Return all the entries exactly. No pictures.

• **Entries taken from a collection**
◆ ◆ ◆ ◆

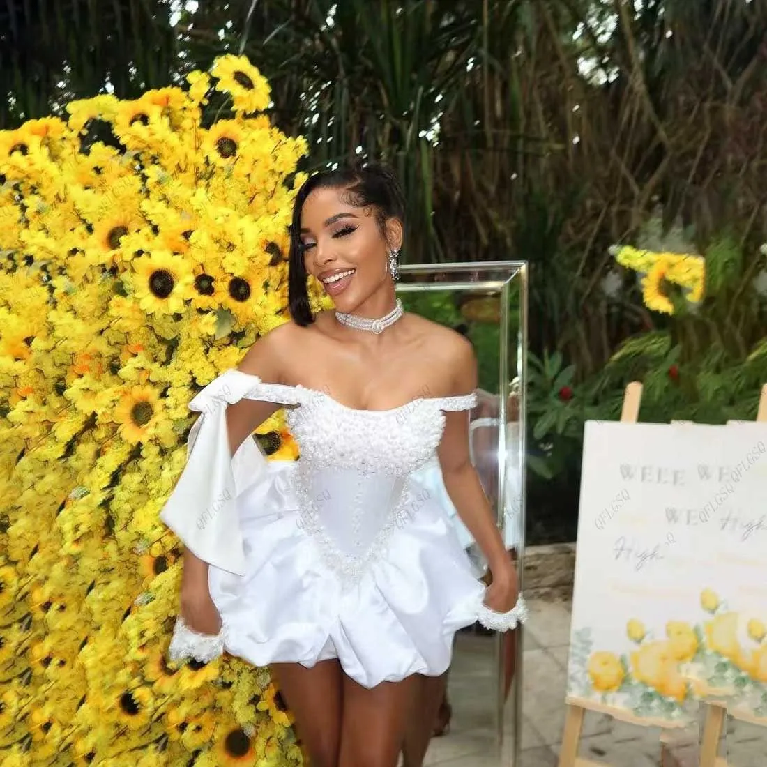 Chic Sleeveless Folds Prom Dresses Corset Bustier Bodycon A Line Prom Dress Mini Draped Bow Short Pa...
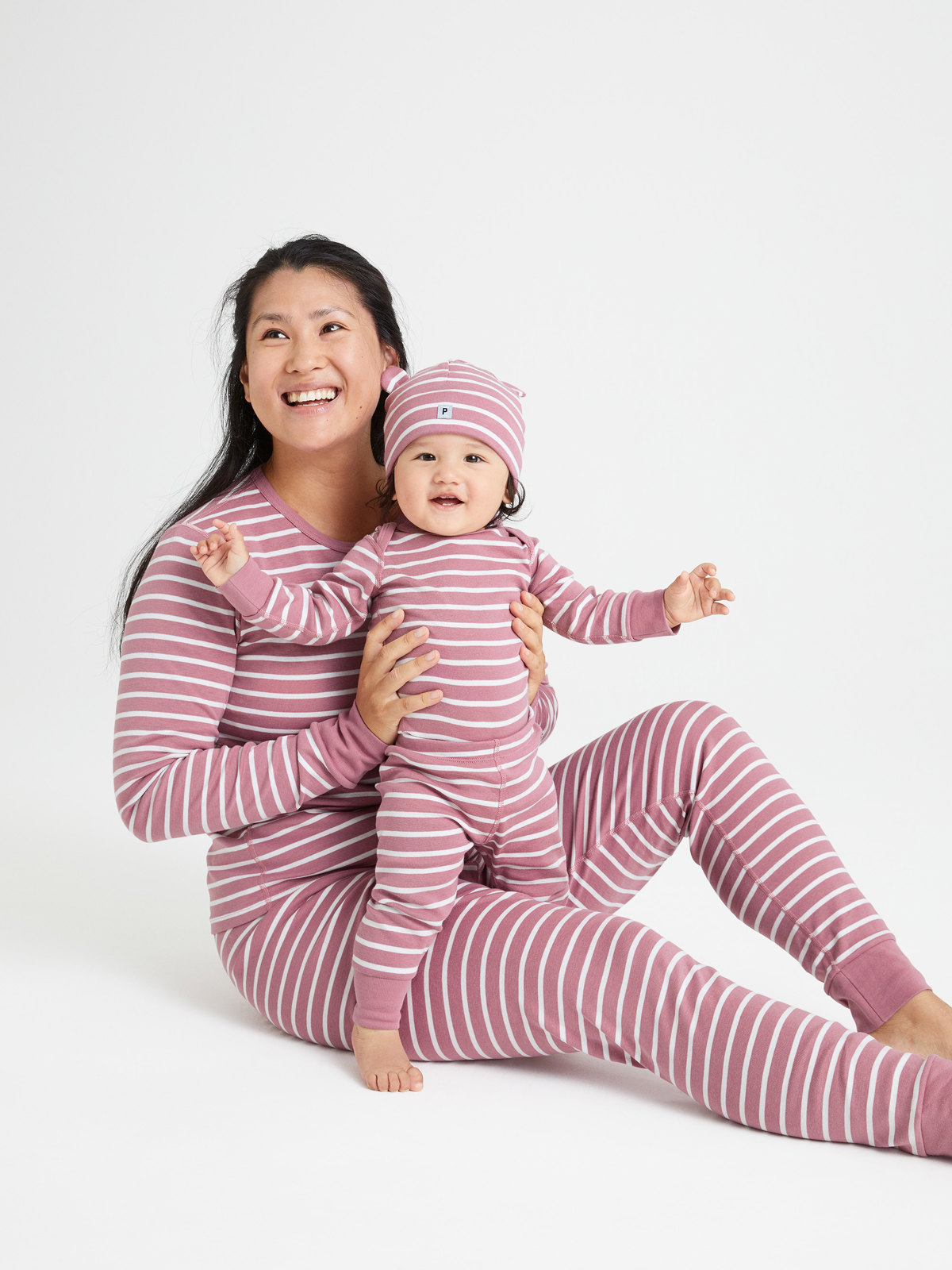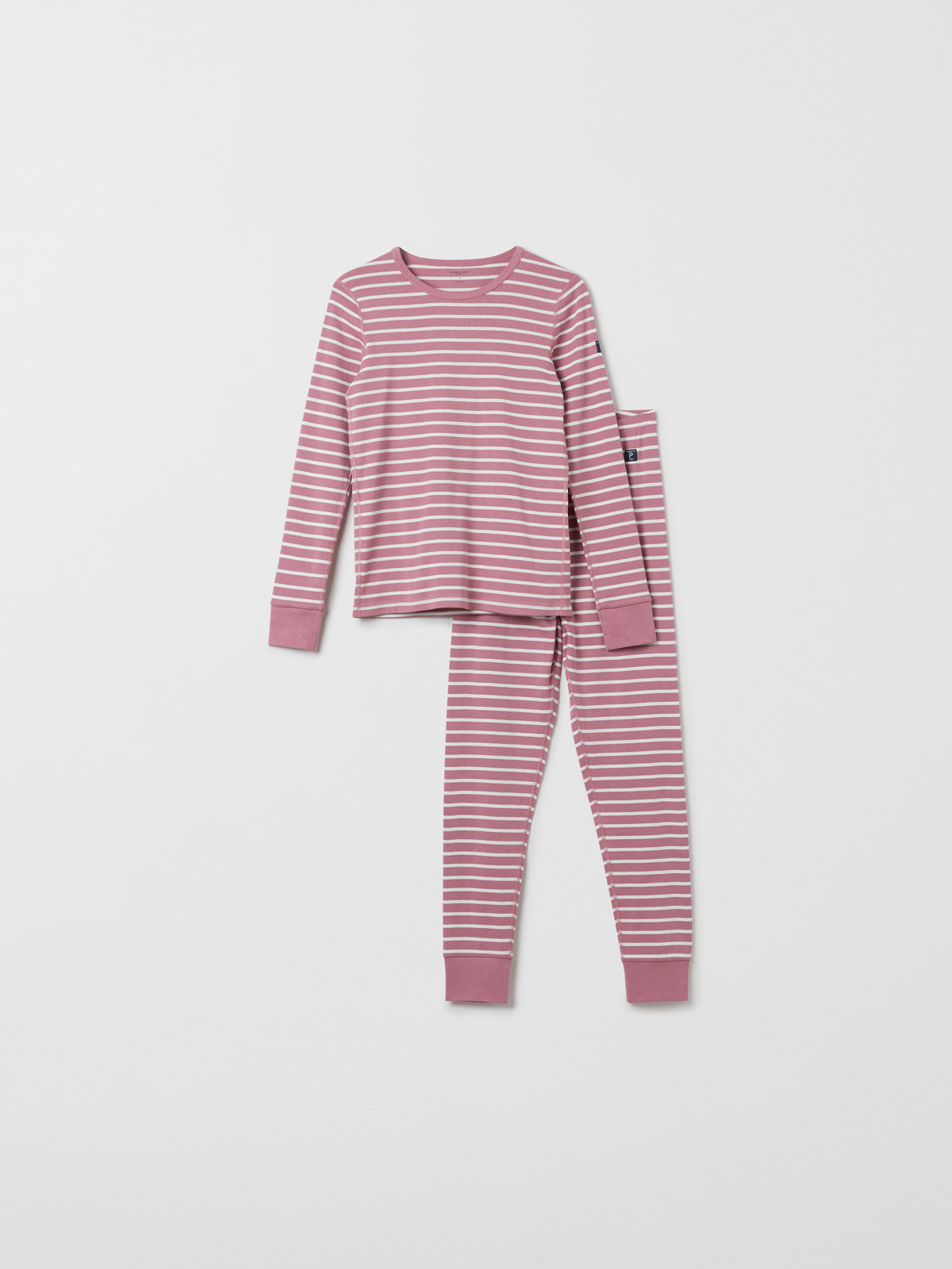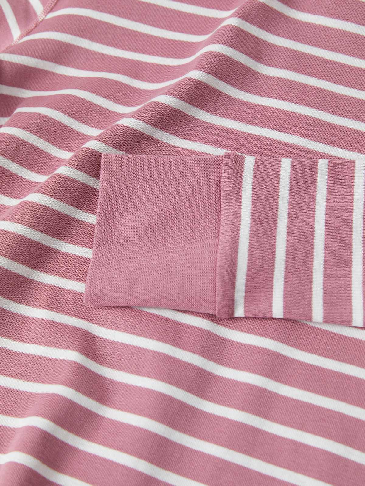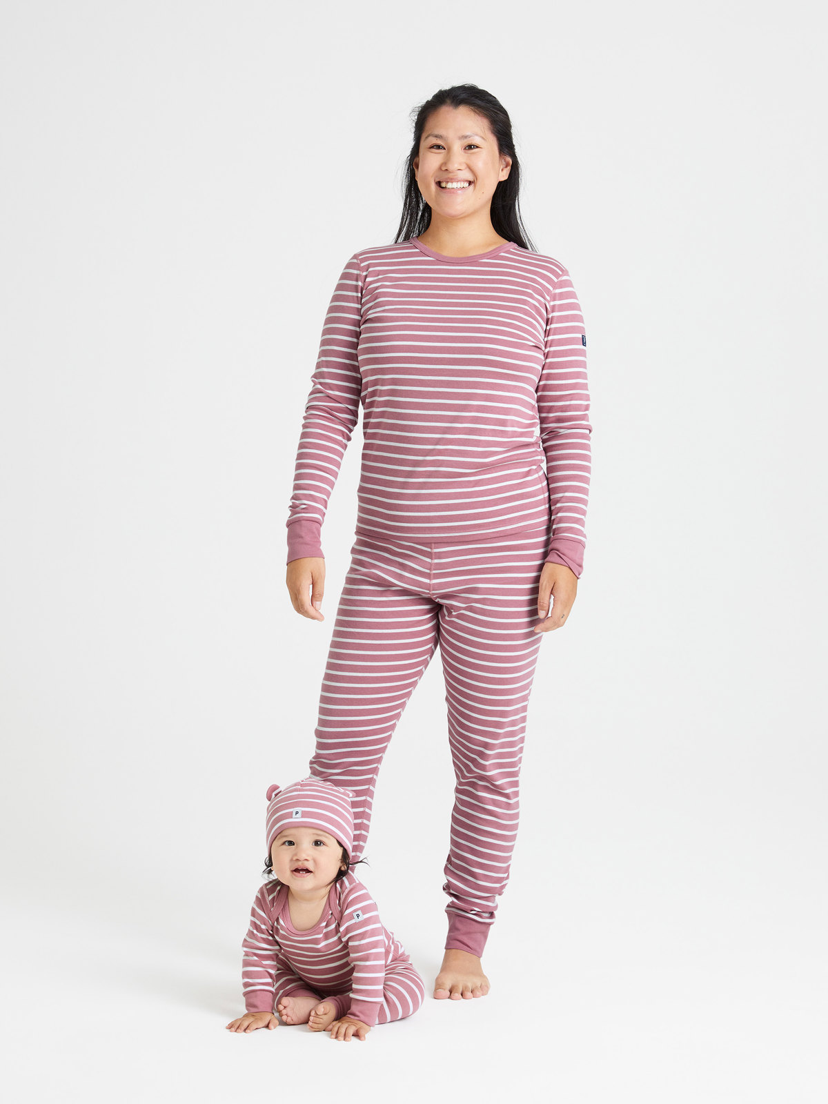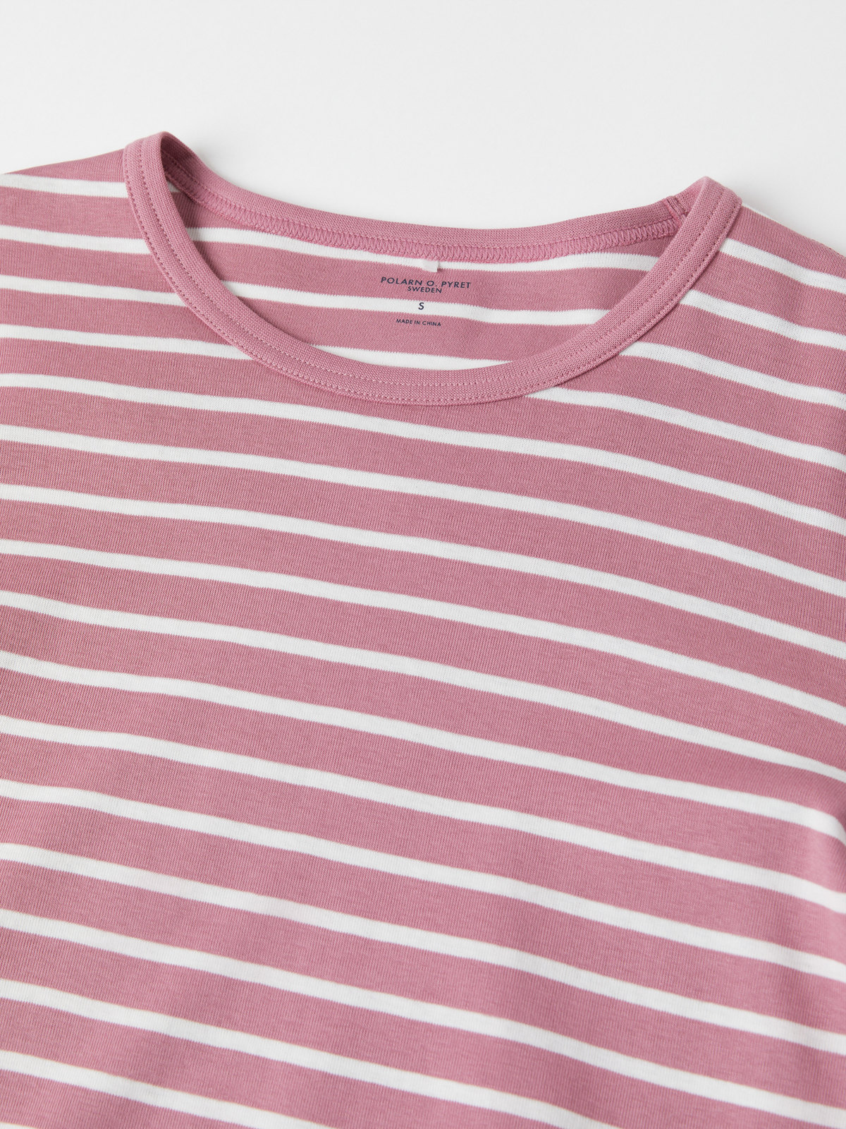 Ett set med tröja och byxa i vår klassiska rand, i vuxen storlekar. Tröjan har mjuk ribbad mudd kring halsringningen och vid ärmsluten. Byxan har elastisk midja och mjuk ribbad mudd vid bensluten. Storlekarna i våra vuxenkläder går enligt standard, så välj den storlek du brukar köpa.
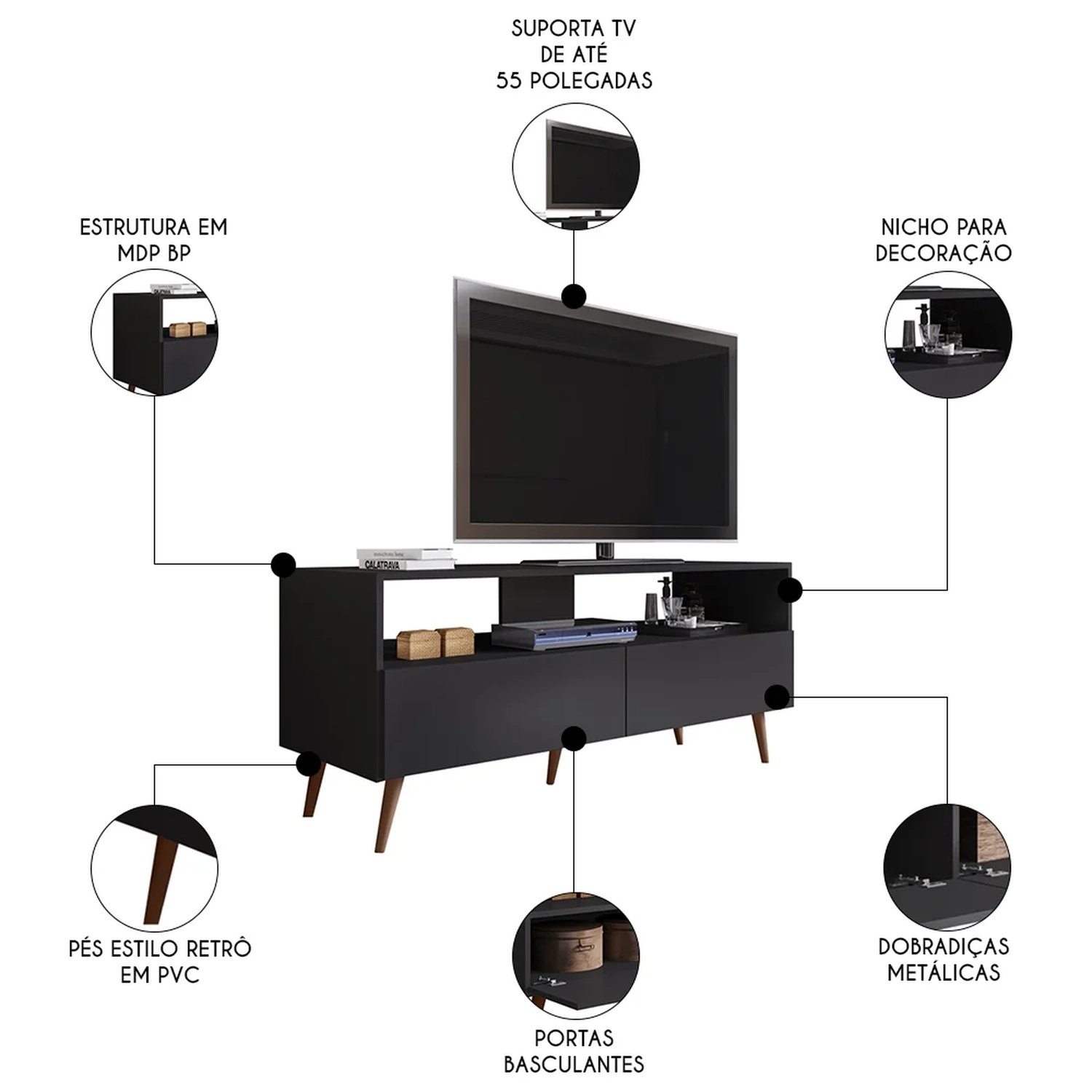 Feito com todo carinho e matéria-prima de qualidade ecologicamente correta, esse rack estilo retrô será o verdadeiro símbolo de beleza e funcionalidade do seu ambiente. Isso porque, além do espaço generoso para acomodar TVs de até 55 polegadas, ele também possui amplo nicho para que você possa exibir seus objetos decorativos favoritos, seus livros mais amados ou até mesmo instalar os demais aparelhos eletrônicos. E para deixar tudo ainda mais charmoso e prático, as duas portas basculantes adicionam o toque final de elegância ao seu ambiente, mantendo os objetos bem guardados e a bancada livre de bagunças.
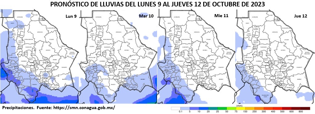A partir del miércoles 11 de octubre se espera una recuperación en el promedio de temperaturas.Las máximas esperadas para esta tarde de lunes son (°C): Chihuahua 27, Juárez 28, Janos 28, Madera 23, Temósachic 25, Cuauhtémoc 23, Ojinaga 30, Delicias 27, Camargo 25, Jiménez 19, Parral 20, Creel 20, Chínipas 35, Guachochi 16, El Vergel 14.
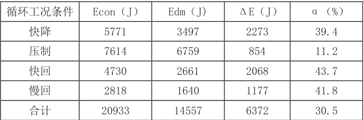当一个冲压循环工况运行结束后,两组驱动系统(本次研究中的优化后系统与单电机驱动系统)产生的能耗情况详见表 2,其中, Econ 代表对应工况下对比组系统能耗; Edm 代表本次研究优化方案应用后系统能耗;ΔE 代表系统节能情况;α 代表能耗提升比,也就是 Δ E 和 Econ 之间的比值。

◆ ◆ ◆ ◆

• **Finished task**
 Chic Sleeveless Folds Prom Dresses Corset Bustier Bodycon A Line Prom Dress Mini Draped Bow Short Pa...
 Ett set med tröja och byxa i vår klassiska rand, i vuxen storlekar. Tröjan har mjuk ribbad mudd kring halsringningen och vid ärmsluten. Byxan har elastisk midja och mjuk ribbad mudd vid bensluten. Storlekarna i våra vuxenkläder går enligt standard, så välj den storlek du brukar köpa.
 Feito com todo carinho e matéria-prima de qualidade ecologicamente correta, esse rack estilo retrô será o verdadeiro símbolo de beleza e funcionalidade do seu ambiente. Isso porque, além do espaço generoso para acomodar TVs de até 55 polegadas, ele também possui amplo nicho para que você possa exibir seus objetos decorativos favoritos, seus livros mais amados ou até mesmo instalar os demais aparelhos eletrônicos. E para deixar tudo ainda mais charmoso e prático, as duas portas basculantes adicionam o toque final de elegância ao seu ambiente, mantendo os objetos bem guardados e a bancada livre de bagunças.
A partir del miércoles 11 de octubre se espera una recuperación en el promedio de temperaturas.Las máximas esperadas para esta tarde de lunes son (°C): Chihuahua 27, Juárez 28, Janos 28, Madera 23, Temósachic 25, Cuauhtémoc 23, Ojinaga 30, Delicias 27, Camargo 25, Jiménez 19, Parral 20, Creel 20, Chínipas 35, Guachochi 16, El Vergel 14.
当一个冲压循环工况运行结束后,两组驱动系统(本次研究中的优化后系统与单电机驱动系统)产生的能耗情况详见表 2,其中, Econ 代表对应工况下对比组系统能耗; Edm 代表本次研究优化方案应用后系统能耗;ΔE 代表系统节能情况;α 代表能耗提升比,也就是 Δ E 和 Econ 之间的比值。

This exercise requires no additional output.